Inflammation plays a vital role in normal wound healing process [47-49]. Inflammation delays healing of injured tissues and can cause increased scarring [50, 51]. In diabetes, tissue injuries are associated with elevated levels of proinflammatory cytokines [52] that affect the recruitment of various inflammatory cells and function of fibroblast and keratinocyte, production of extracellular matrix, and angiogenesis and impaired wound healing [5, 53]. In diabetic rats, ZER-NLCG more than SSDC significantly downregulated the proinflammatory cytokines, TNF-α, IL-1β, and IL-6. These findings highlight that the inhibition inflammatory response is one of the many facets of the wound healing effects of ZER-NLCG.
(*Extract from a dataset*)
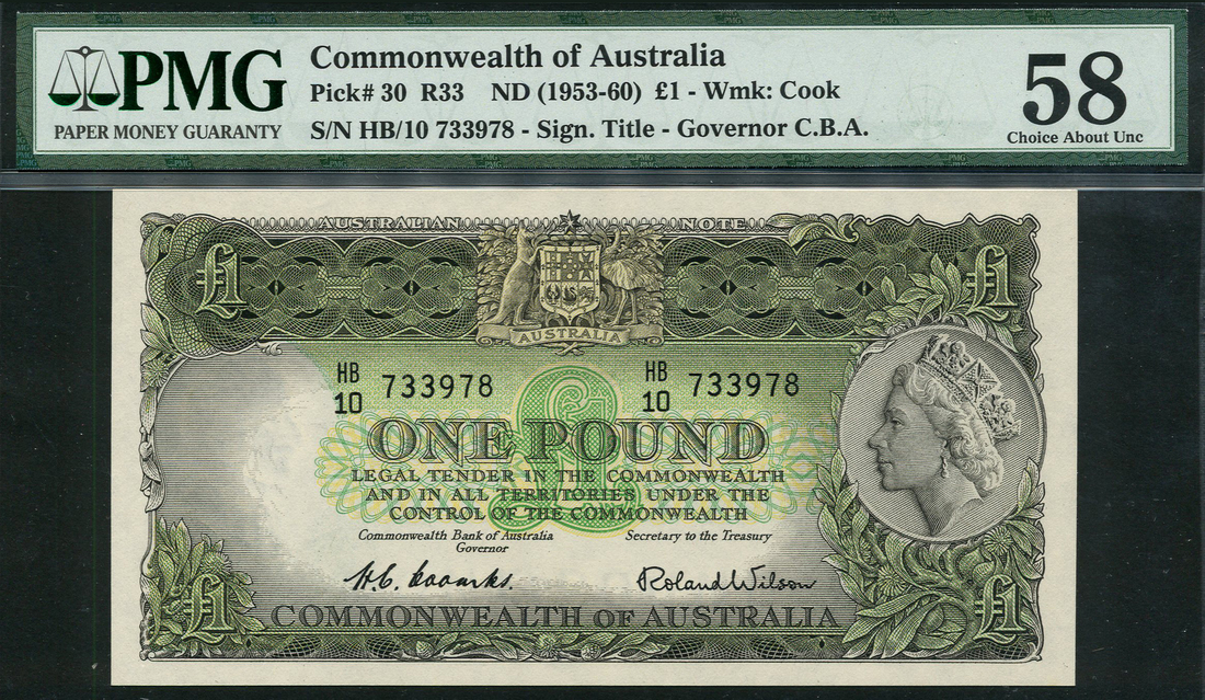 (x) Commonwealth of Australia, 10 shillings and £1, ND (1954-60), prefixes AE/39 and HB/10, first brown and orange, M. Flinders at right, second black and green, Elizabeth II at right, also a commemorative polymer $10, 1988, in presentation wallet

Oxidative stress in tissues is the result of the imbalance between the level of reactive oxygen species (ROS) and the ability of antioxidative mechanism to remove the ROS [54, 55]. While low tissue ROS levels initiate, high levels hinder the normal process of tissue healing [56, 57]. The tissue ROS level is high in diabetes due to decrease or/and increase in catalase (CAT), superoxide dismutase (SOD), and glutathione peroxidase (GSH-Px) production. The constant state of hyperglycemia in diabetes also increases the production of free radicals via the oxidation of glucose and the glycation of nonenzymatic proteins [58]. ZER-NLCG exerts antioxidant effects by increasing SOD and CAT and decreasing LPO activities. These effects of ZER-NLCG prevented inflammation and oxidative damage and promoted healing of wounds in diabetic rats. Previous study has also indicate that sustained drug release as in our study using ZER-NCLG are able to reduce the level of reactive oxygen species (ROS) thus increasing its antioxidant activity and promotes a much faster wound healing [59, 60].

5. Conclusion

Topical applications of ZER-NLCG might effectively improve wound healing in streptozotocin-induced diabetic rats by suppressing production of proinflammatory cytokines, reducing inflammatory response, increasing collagen deposition, and reducing the effect of ROS by stimulating production of antioxidant enzymes without scarring.